Japan has been characterized by a high level of preparedness against potential natural disasters, beginning with earthquakes and tsunamis. The anti-tsunami barrier separating the city of Sendai coast shows this aspect of Japanese culture. It certainly seems strange that so many reactors are having problems right now, even those that have been completely turned off. It is assumed that when the reactors shut down to almost zero in danger.

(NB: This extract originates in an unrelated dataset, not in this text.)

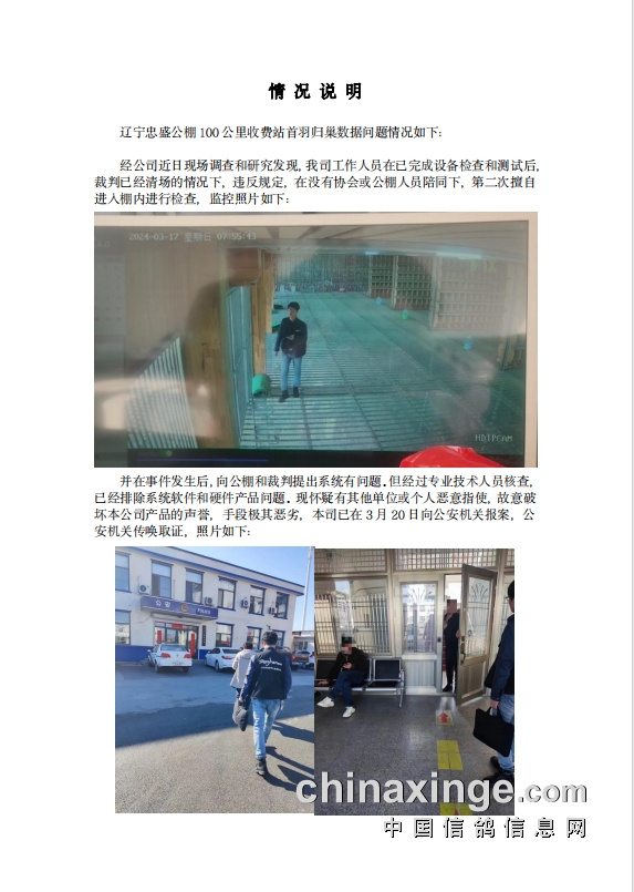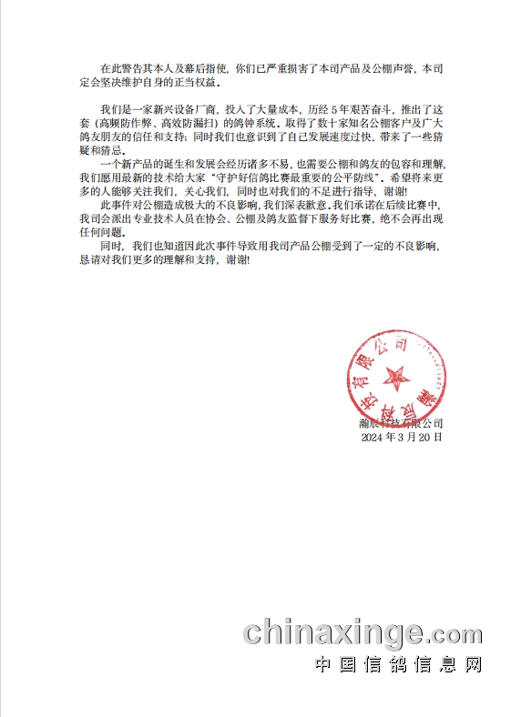 3月20日,公棚再发“关于100公里收费站首羽归巢数据情况说明”的公告,鸽钟厂商指出:经公司近日现场调查和研究发现,我司工作人员在已完成设备检查和测试后裁判已经清场的情况下,违反规定,在没有协会或公棚人员陪同下,第二次擅自进人棚内进行检查。并在事件发生后,向公棚和裁判提出系统有问题,但经过专业技术人员核查,已经排除系统软件和硬件产品问题,现怀疑有其他单位或个人恶意指使,故意破坏本公司产品的声誉,手段极其恶劣,本司已在3月20日向公安机关报案,公安机关传唤取证。

The main enemy of Japan and indeed all of us at this point seems to be the air: aerial currents are natural (and perhaps the sea) that will determine the impact that this major disaster in Japan will have , in the near future, about our biological citizenship, and also on our level of concern about our common future in this world that can not only conceptualize only as 'global', but as a biological, ecological and radio-interconnected.
References
García Acosta, Virginia, coord. (1996) History and Disasters in Latin America . Mexico City: CIESAS / Bogotá: La Red
García Acosta, Virginia (2004) "The historical perspective in anthropology and disaster risk." Relations 25 (97) :124-142.
Oliver-Smith, Anthony and Susan M. Hoffman, eds. (1999) The Angry Earth. Disaster in Anthropological Perspective . New York: Routledge.
Petryna, Adriana (2002) Life Exposed. Biological Citizens after Chernobyl. Princeton: Princeton University Press.